Chaotic advection in a steady three-dimensional MHD flow

TL;DR

This paper studies how steady 3D magnetohydrodynamic flows in a cubic cavity can produce chaotic advection, leading to efficient mixing, by analyzing flow structures, chaos indicators, and mixing metrics.

Contribution

It demonstrates that superimposing multiple recirculation cells in a steady MHD flow can induce chaos and enhance mixing, providing insights into flow control for mixing processes.

Findings

Chaotic advection is achieved through superposition of flow cells.

Flow analysis shows the presence of chaotic streamlines.

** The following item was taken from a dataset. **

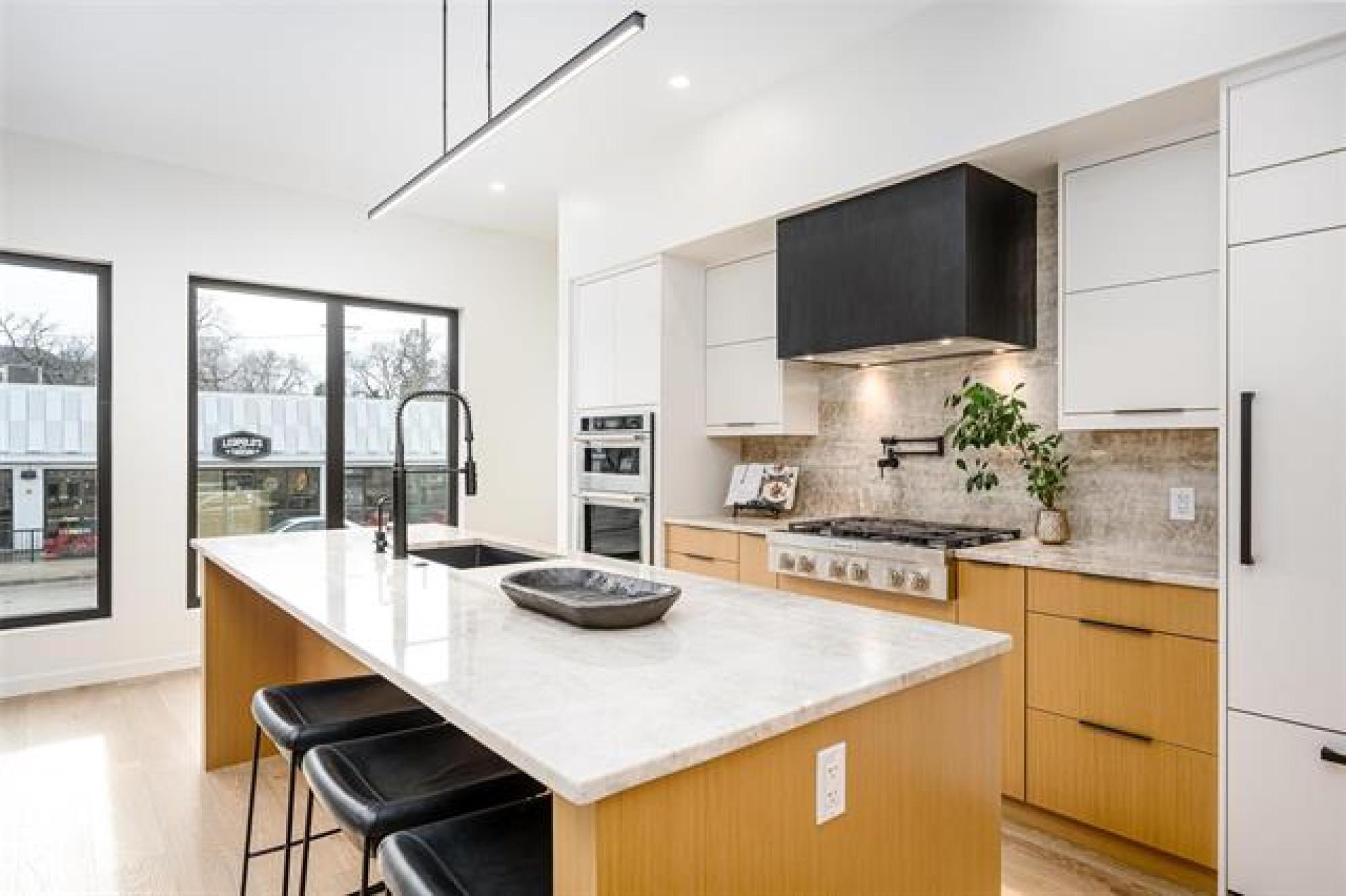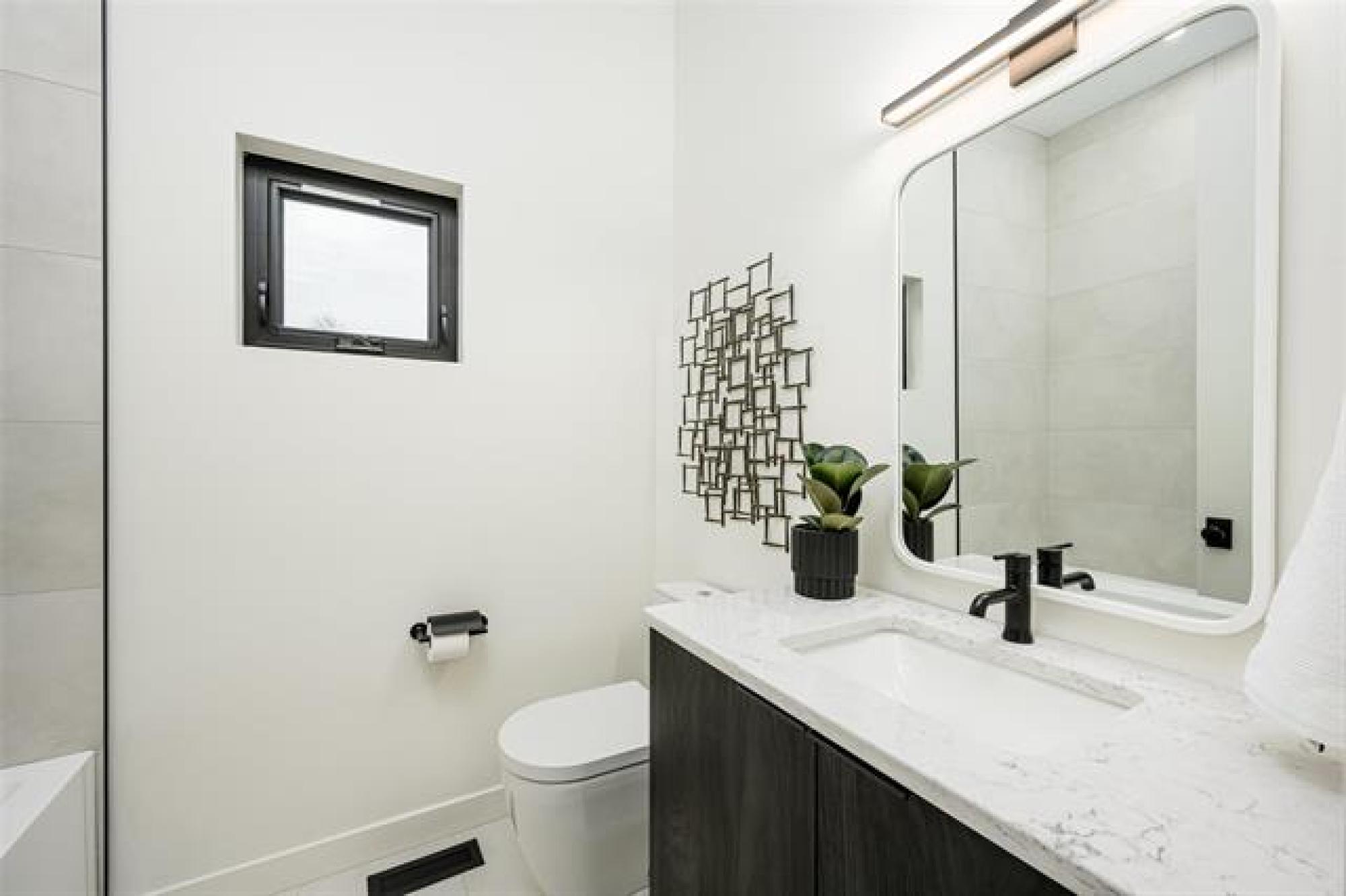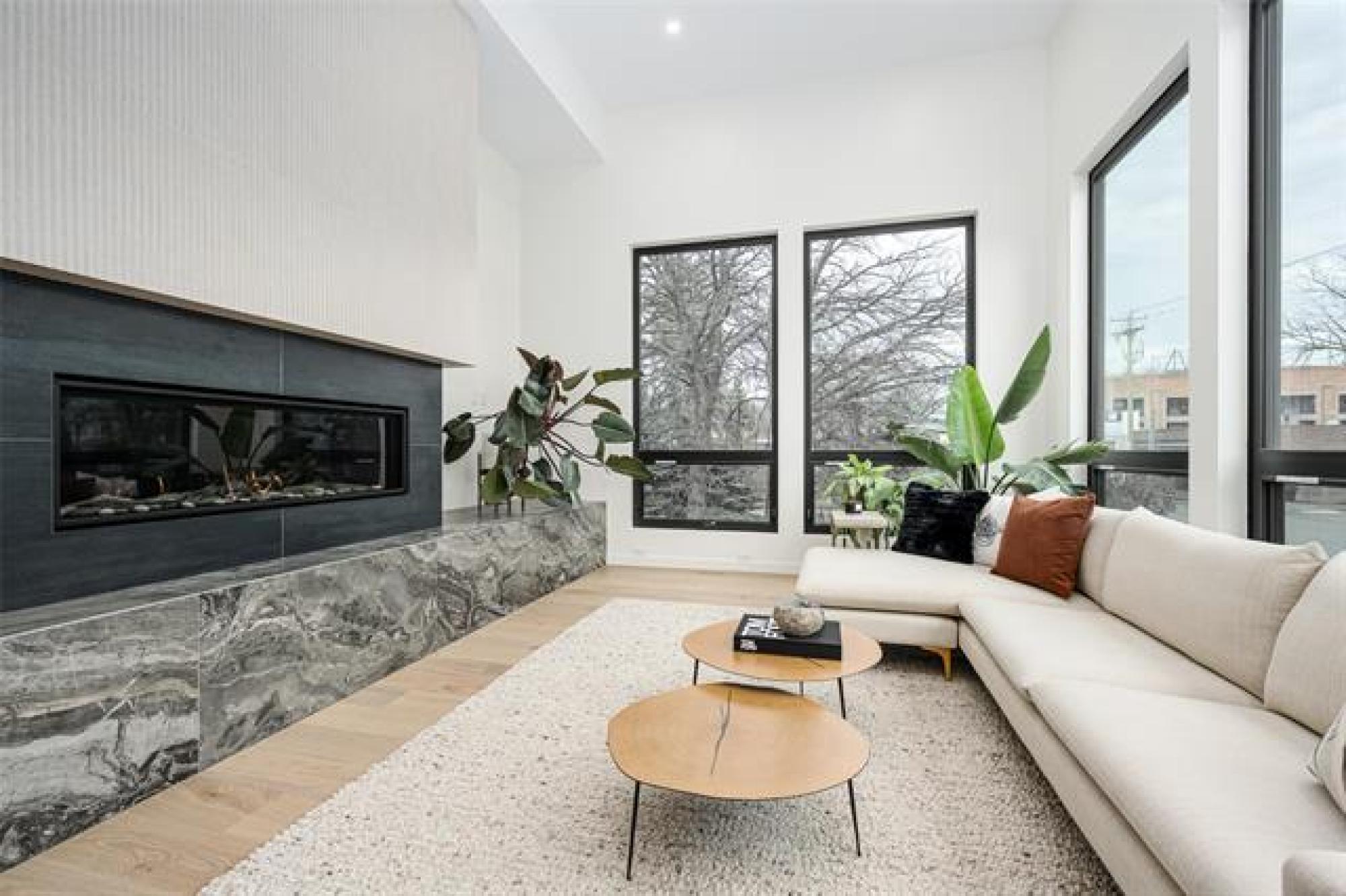 Experience exceptional luxury in this custom-built masterpiece by Dwell Homes, perfectly situated in the prestigious River Heights neighbourhood. The main level is adorned with elegant engineered hardwood floors, guiding you into a breathtaking living room featuring soaring 14-foot ceilings and a striking gas fireplace set against a dramatic feature wall. At the heart of the home lies a chef-inspired kitchen, beautifully finished with Taj Mahal Granite countertops and backsplash, premium appliances, abundant custom cabinetry for storage, and a hidden coffee nook for your morning ritual. Each spacious bedroom includes its own private ensuite with heated floors, offering comfort and privacy for every resident. The fully insulated lower level offers incredible potential, with high ceilings and large windows creating a bright, open space—ideal for a home office, studio, or future development. With side access from Academy Road, it’s perfectly suited for a work-live setup. This home is built on piles with a structural wood floor system and includes an oversized, double-attached garage for added convenience. A transferrable interest rate is available—contact for details. Property taxes to be confirmed

Mixing efficiency is significantly improved despite individual vortex limitations.

Abstract

We investigate the 3D stationary flow of a weakly conducting fluid in a cubic cavity, driven by the Lorentz force created by two permanent magnets and a weak constant current. Our goal is to determine the conditions leading to efficient mixing within the cavity. The flow is composed of a large recirculation cell created by one side magnet, superposed to two recirculation cells created by a central magnet perpendicular to the first one. The overall structure of this flow, obtained here by solving the Stokes equations with Lorentz forcing, is similar to the tri-cellular model flow studied by Toussaint et. al. (Phys. Fluids. 7, 1995). Chaotic advection in this flow is analyzed by means of Poincar\'e sections, Lyapunov exponents and expansion entropies. In addition, we quantify the quality of mixing by computing contamination rates, homogeneity, as well as mixing times. Though individual vortices have poor mixing properties, the superposition of both flows creates chaotic streamlines and efficient mixing.